5. First dataset: treat this as a "new dataset", i.e. one we produced and will publish as part of the release [This is a dataset from a weatherstation of us from 2007]. You find it on `vaw_public/werderm/rere-data` (if you struggle with the vaw-servers, then it's also on https://people.ee.ethz.ch/~werderm/rere-data/)

6. Create a reader which can read the `climate.dat` file using the `parse_campbell_date_time` function.
- check the `info` file and make sure units are in-line with what you used last week (I suggested `day` and `meter` as base units)

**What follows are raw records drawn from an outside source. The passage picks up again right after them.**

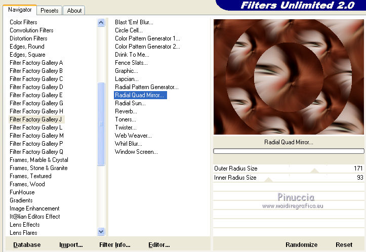 10. Effetti>Plugins>Filters Unlimited - Filter Factory Gallery J - Radial Quad Mirror, con i settaggi standard.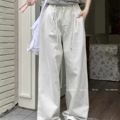 | nameOriginal | Design niche white high-waisted floor-length pants with drawstrings |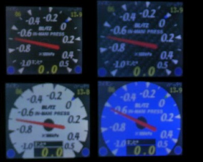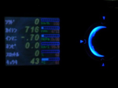 普段は針メーター画面を使用してます。 針はインマニ・センター下は瞬間燃費。 上の2つは文字が小さく確認しずらいので水温・電圧の表示にしました。 |

7. create a master script to:
- download data
- read `climate.dat`
- plot temperature and hourly preciptation rate
- --> store plot in `products/` folder

8. Run the mass balance model for two points on Gornergletscher at 2500m and 4000m with the data from 2007. For each point write the month total mass balance to a csv-file with header `year, month, smb [m water equivalent]` (yes place that csv-file in `products/`)

9. Reproduce your research: log into vierzack03.ethz.ch (or some other computer at hand, make sure to have the same file paths or do some magic), make a folder, in that folder clone the code repo, run the master script.

Stretch goals run your model either:
- for longer. For this download ERA5 re-anayisis data or some other suitable dataset (e.g. weather data from the Zermatt weather station)
- distributed. Download a DEM from swisstopo and a glacier outline from glamos for Gornergletscher.

-> this data then goes into `data/` folder as it is freely available.